THE DATA:

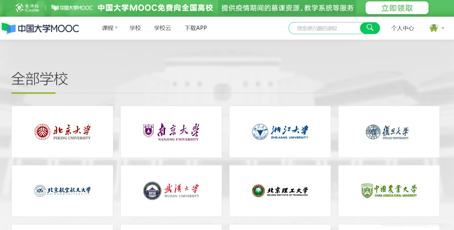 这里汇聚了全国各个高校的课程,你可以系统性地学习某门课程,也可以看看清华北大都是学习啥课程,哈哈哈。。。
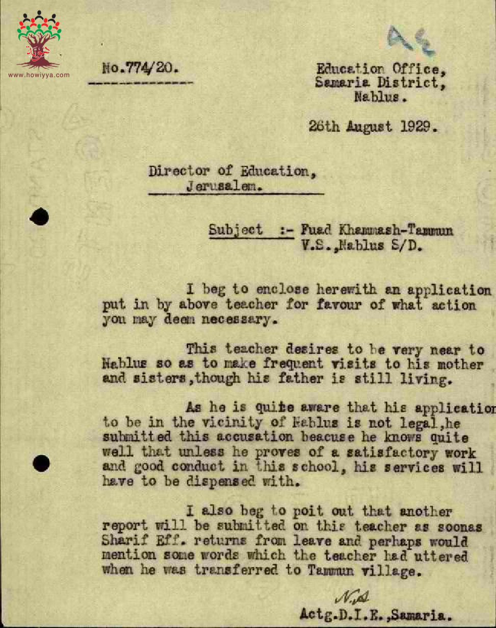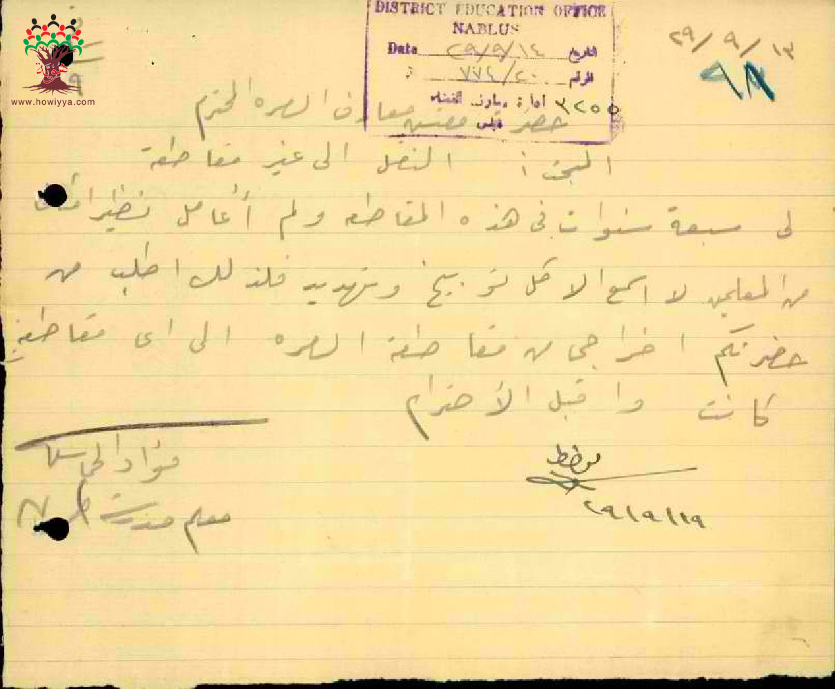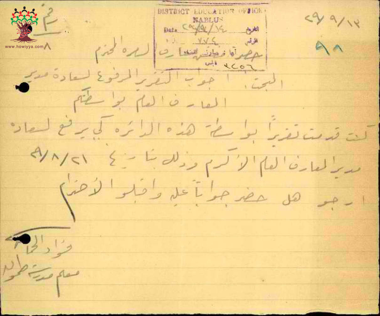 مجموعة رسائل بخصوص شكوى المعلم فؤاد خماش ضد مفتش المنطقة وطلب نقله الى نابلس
---
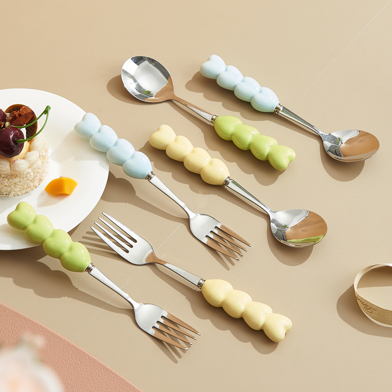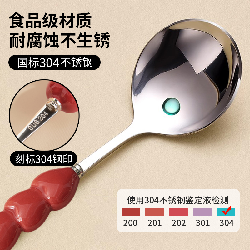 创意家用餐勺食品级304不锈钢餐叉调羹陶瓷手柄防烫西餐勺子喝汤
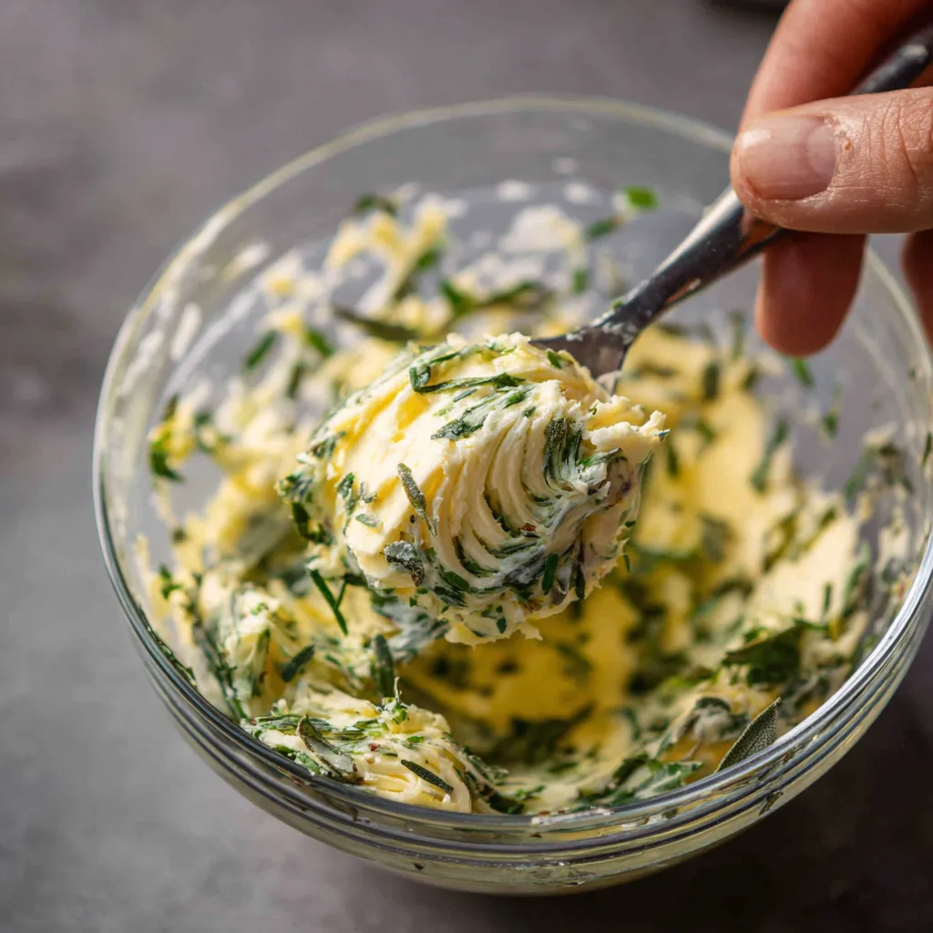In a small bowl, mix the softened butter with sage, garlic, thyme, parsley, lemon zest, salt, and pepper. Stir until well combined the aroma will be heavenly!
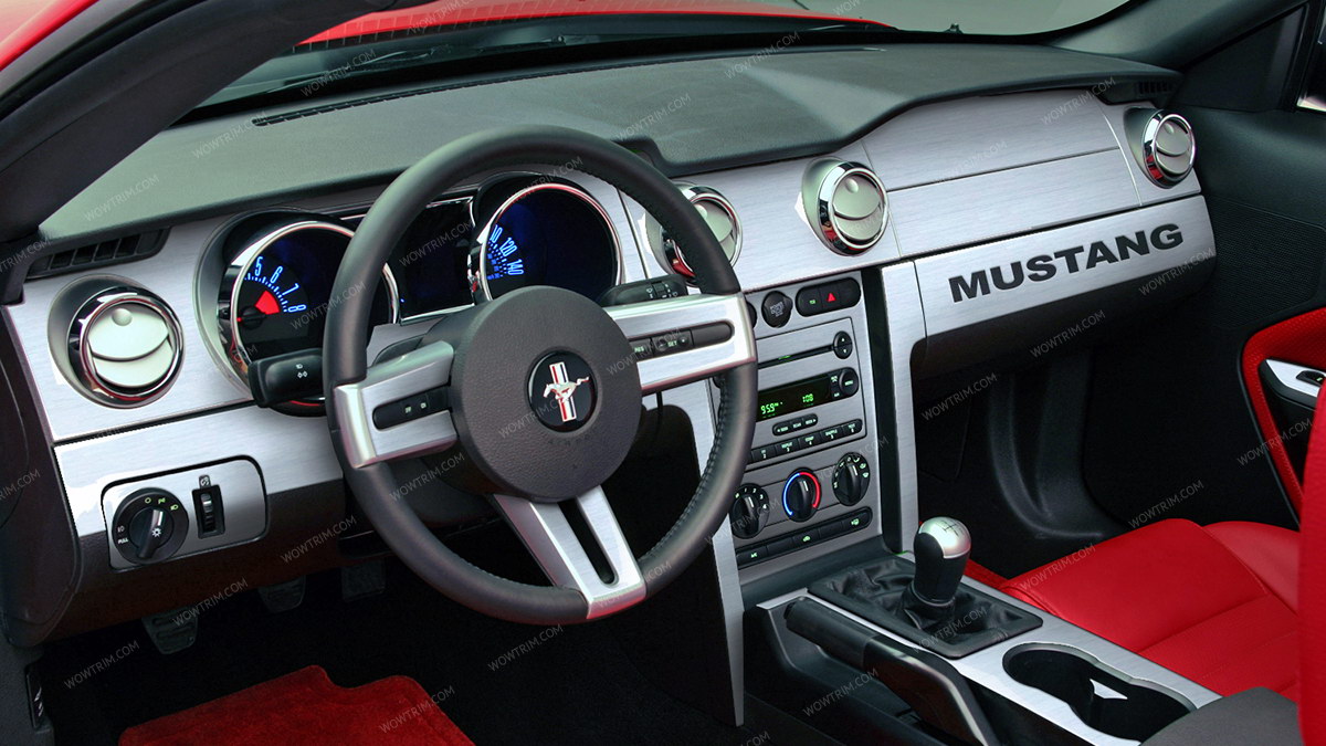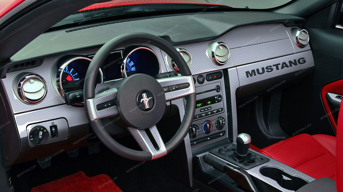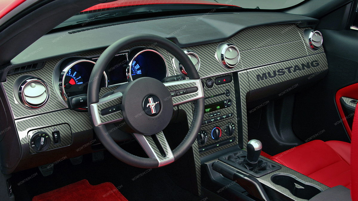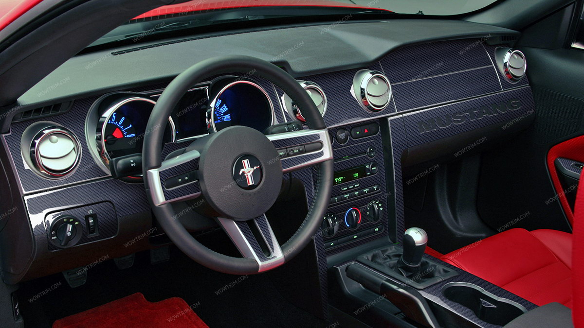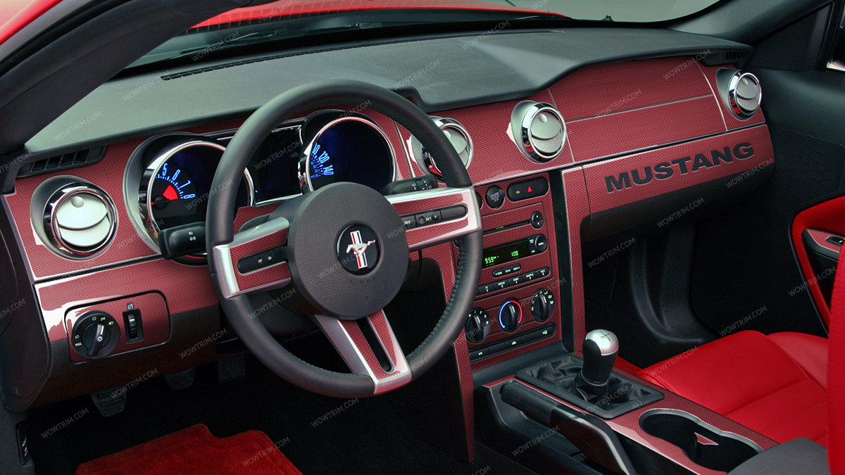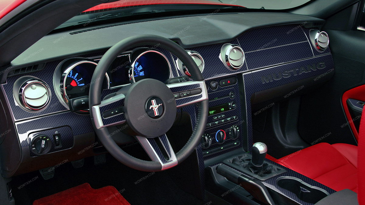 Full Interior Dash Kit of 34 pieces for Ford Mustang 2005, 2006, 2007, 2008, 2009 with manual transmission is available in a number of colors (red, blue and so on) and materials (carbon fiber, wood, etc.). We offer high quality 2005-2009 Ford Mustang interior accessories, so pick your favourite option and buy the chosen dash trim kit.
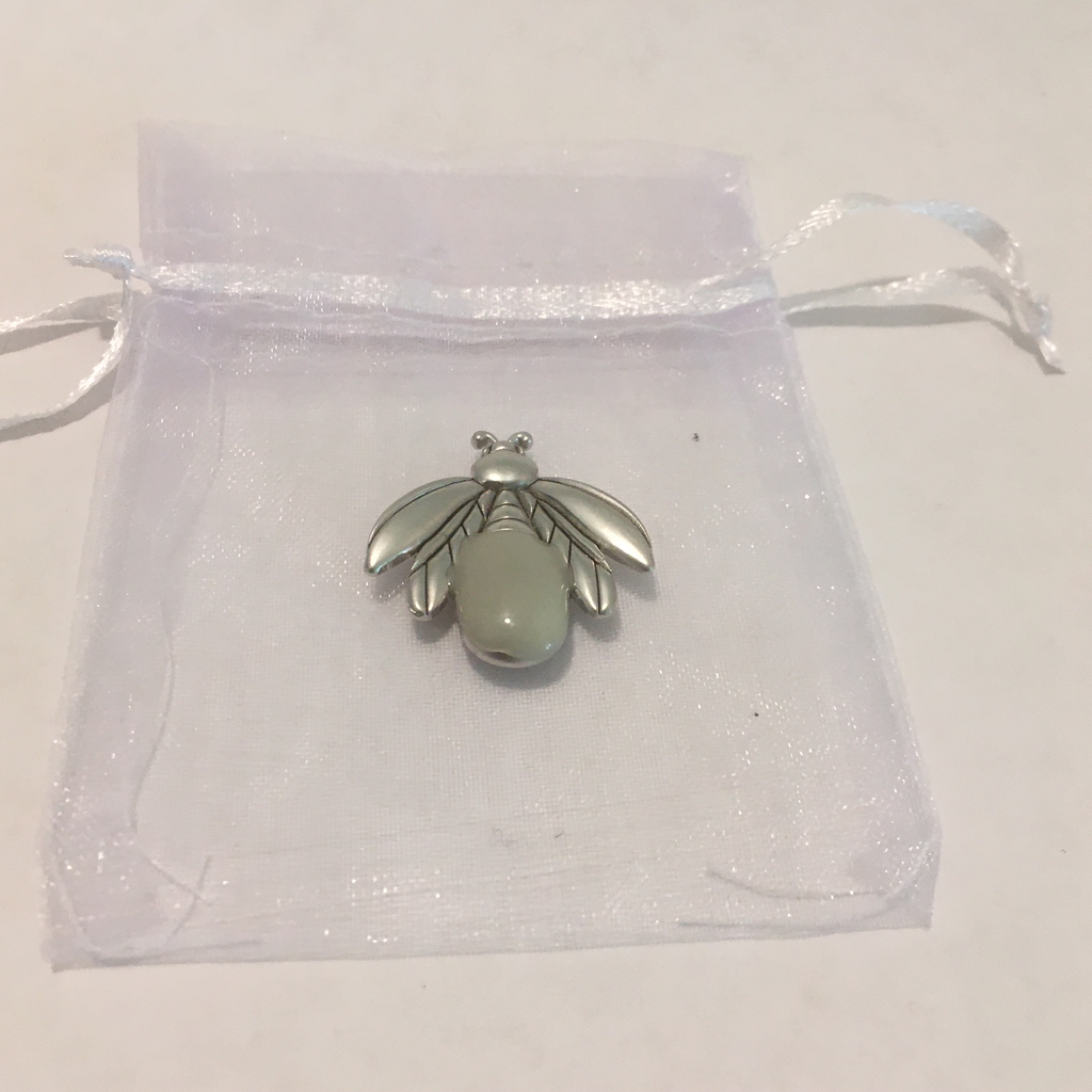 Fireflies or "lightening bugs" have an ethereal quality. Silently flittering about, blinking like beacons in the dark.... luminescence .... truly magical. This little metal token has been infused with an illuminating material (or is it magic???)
---
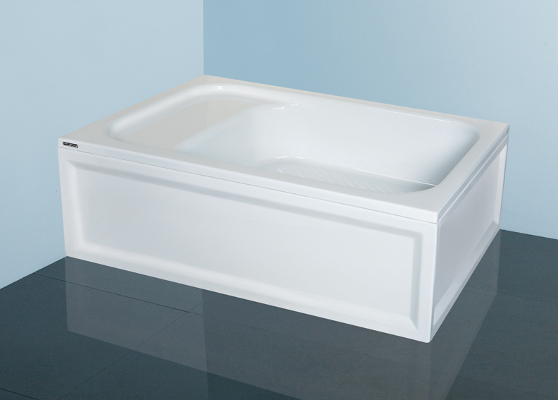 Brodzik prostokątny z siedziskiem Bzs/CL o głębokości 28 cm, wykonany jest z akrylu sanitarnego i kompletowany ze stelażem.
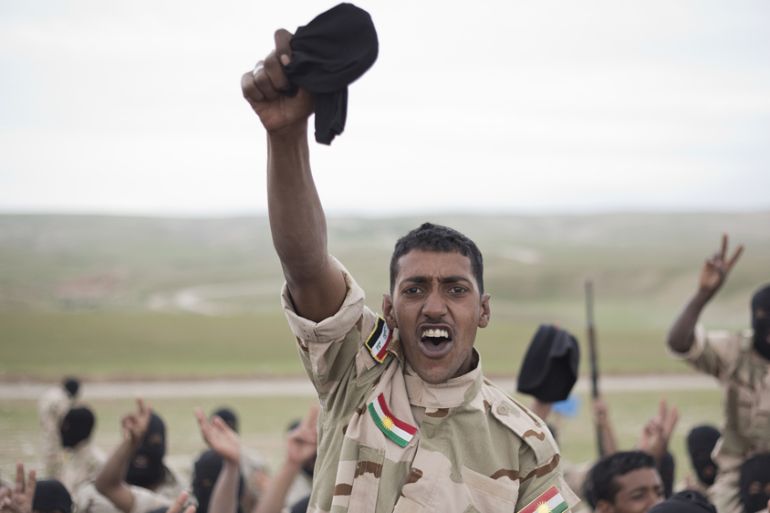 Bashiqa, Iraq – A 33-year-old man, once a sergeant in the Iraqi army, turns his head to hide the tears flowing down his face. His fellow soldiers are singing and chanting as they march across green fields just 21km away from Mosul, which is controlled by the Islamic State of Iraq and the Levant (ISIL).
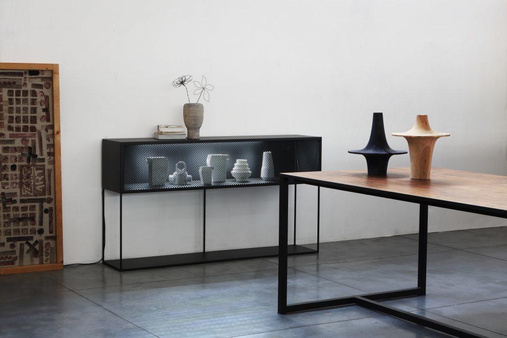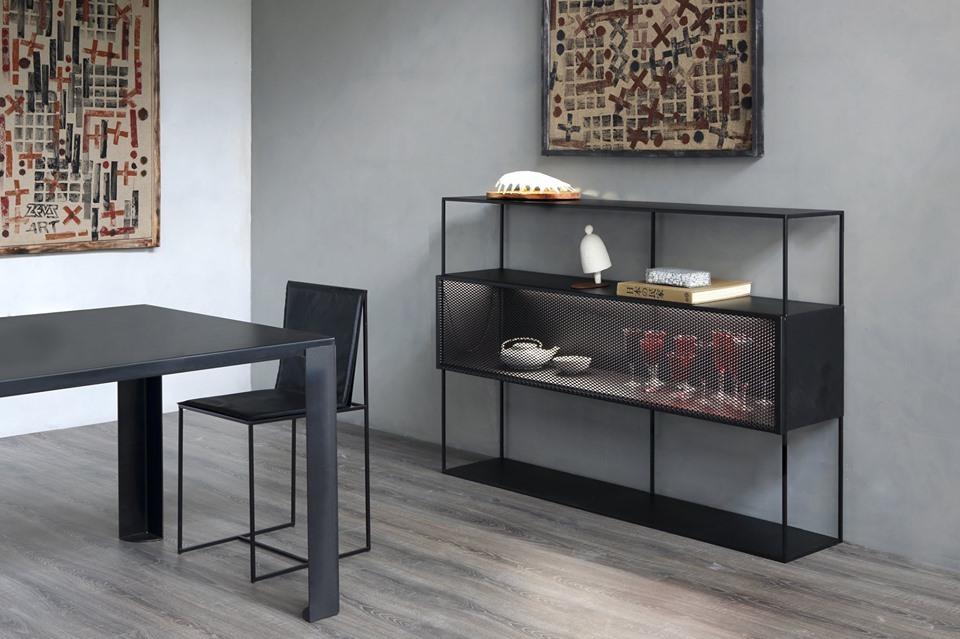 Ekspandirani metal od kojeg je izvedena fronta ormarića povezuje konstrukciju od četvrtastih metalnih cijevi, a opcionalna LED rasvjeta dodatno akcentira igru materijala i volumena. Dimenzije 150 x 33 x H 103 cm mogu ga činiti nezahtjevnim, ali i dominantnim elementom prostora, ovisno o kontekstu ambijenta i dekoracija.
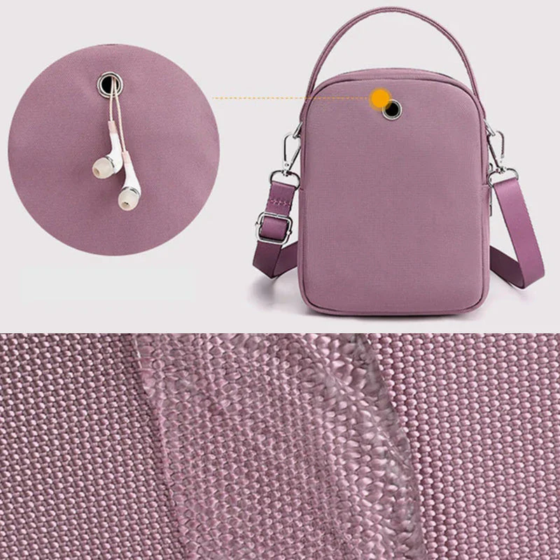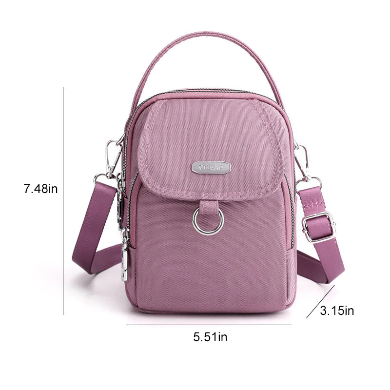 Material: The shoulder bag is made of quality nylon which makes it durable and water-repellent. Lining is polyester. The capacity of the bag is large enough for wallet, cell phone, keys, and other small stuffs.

DESCRIPTION OF THE TASK:
Exact repeat of the material above: every line from the one with "Full Interior Dash" through the one with "is it magic???)", endpoints included, and nothing more. No pictures.

REPLY:
 Full Interior Dash Kit of 34 pieces for Ford Mustang 2005, 2006, 2007, 2008, 2009 with manual transmission is available in a number of colors (red, blue and so on) and materials (carbon fiber, wood, etc.). We offer high quality 2005-2009 Ford Mustang interior accessories, so pick your favourite option and buy the chosen dash trim kit.
 Fireflies or "lightening bugs" have an ethereal quality. Silently flittering about, blinking like beacons in the dark.... luminescence .... truly magical. This little metal token has been infused with an illuminating material (or is it magic???)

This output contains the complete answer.